>>>

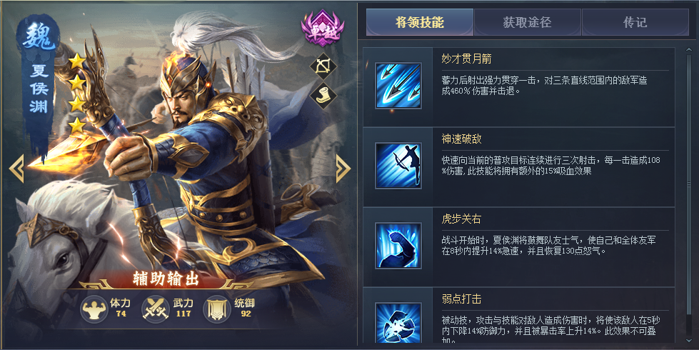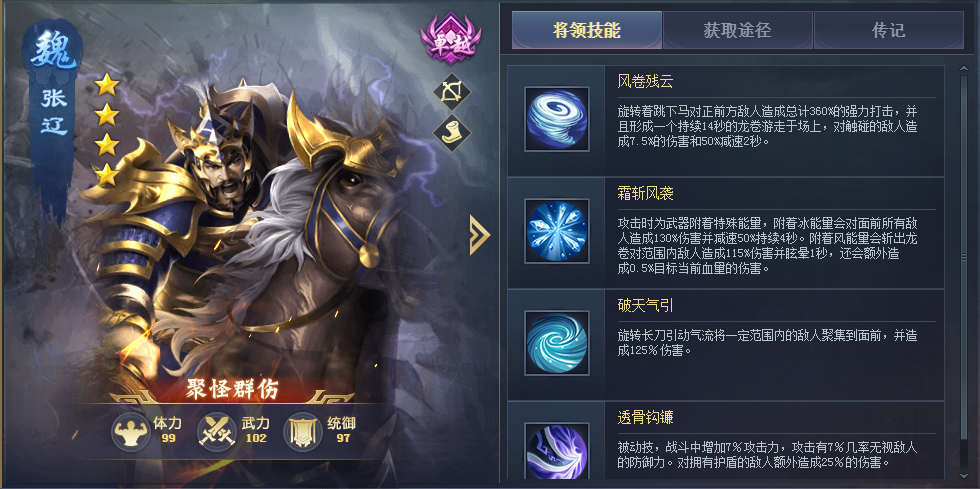 半辅助半输出将领,输出较高高,三技能开局加急速恢复怒气,能让己方武将更快的释放技能,能搭配四技能降低防御,让己方打人伤害更高。
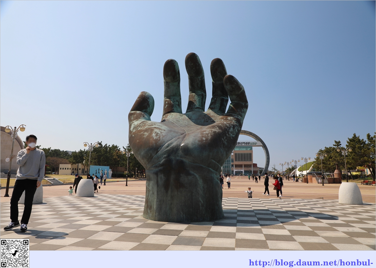 바다로 나와 육지의 손을 마주보는 조형물을 처음으로 만난다.
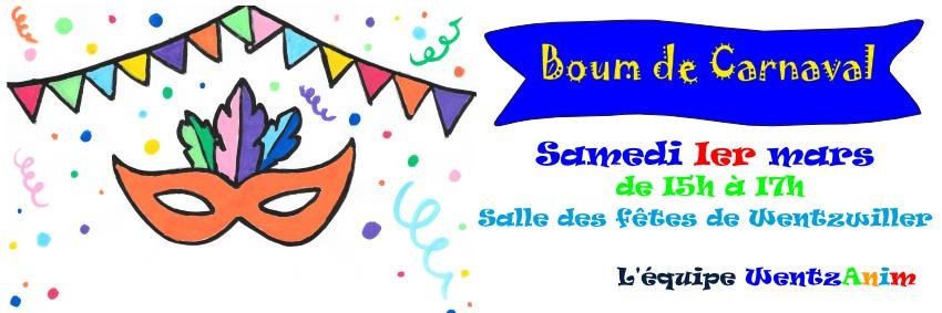 Samedi 1er mars, parez-vous de vos plus beaux costumes et de vos masques les plus fous ! L'association WentzAnim convie les enfants de 3-12 ans à une boum de Carnaval de 15h à 17h, musique, jeux d'ambiance et stand goûter au programme !
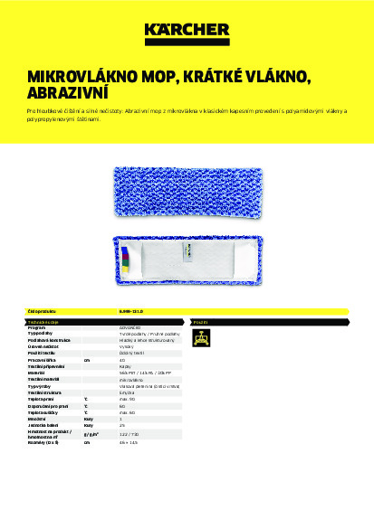 Utěrka "Mikrovlákno, krátké vlákno" v klasickém kapesním provedení pro univerzální použití. Jemná mikrovlákna a brusné pásy vyrobené z polyamidových vláken a robustních polypropylenových štětin také účinně odstraňují odolné nečistoty a mají dobře vyvážené kluzné vlastnosti bez námahy. Utěrka má navíc obšité rohy a celkem 4 poutka v barvách modrá, červená, žlutá a zelená. Pomocí tohoto barevně odlišeného systému lze látku jasně přiřadit k určité části, která má být čištěna, a účinně zabránit křížové kontaminaci – nepotřebné smyčky se jednoduše odstřihnou. Mop z mikrovlákna je vhodný jak pro použití v systému plochého mopu s dvoukbelíkovým vozíkem nebo jednokbelíkovým vozíkem a lisem, tak i pro předpřipravené aplikace.
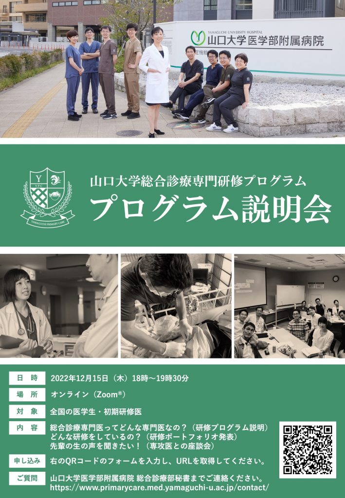 この度、山口大学総合診療専門研修プログラムのプログラム説明会(医局説明会)を開催することになりました。 アットホームな会ですので、総合診療専門医にちょっとでも興味のある方は、是非ともご参加ください。
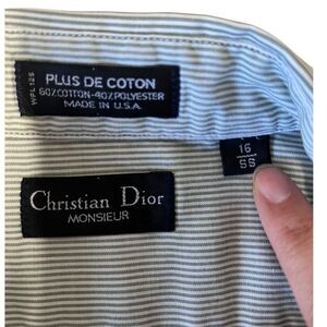 Christian Dior | Green Pin Stripe Short Sleeve Button Down Vintage Mens Shirt 16 SS

<<<

- [Exercise aim]
From the line containing "바다로 나와 육지의 손을 마주보는 조형물을 처음으로 만난다." through the last line of the data above, write out every line word for word, and nothing else. Do not include the pictures.

- [Answer box]
 바다로 나와 육지의 손을 마주보는 조형물을 처음으로 만난다.
 Samedi 1er mars, parez-vous de vos plus beaux costumes et de vos masques les plus fous ! L'association WentzAnim convie les enfants de 3-12 ans à une boum de Carnaval de 15h à 17h, musique, jeux d'ambiance et stand goûter au programme !
 Utěrka "Mikrovlákno, krátké vlákno" v klasickém kapesním provedení pro univerzální použití. Jemná mikrovlákna a brusné pásy vyrobené z polyamidových vláken a robustních polypropylenových štětin také účinně odstraňují odolné nečistoty a mají dobře vyvážené kluzné vlastnosti bez námahy. Utěrka má navíc obšité rohy a celkem 4 poutka v barvách modrá, červená, žlutá a zelená. Pomocí tohoto barevně odlišeného systému lze látku jasně přiřadit k určité části, která má být čištěna, a účinně zabránit křížové kontaminaci – nepotřebné smyčky se jednoduše odstřihnou. Mop z mikrovlákna je vhodný jak pro použití v systému plochého mopu s dvoukbelíkovým vozíkem nebo jednokbelíkovým vozíkem a lisem, tak i pro předpřipravené aplikace.
 この度、山口大学総合診療専門研修プログラムのプログラム説明会(医局説明会)を開催することになりました。 アットホームな会ですので、総合診療専門医にちょっとでも興味のある方は、是非ともご参加ください。
 Christian Dior | Green Pin Stripe Short Sleeve Button Down Vintage Mens Shirt 16 SS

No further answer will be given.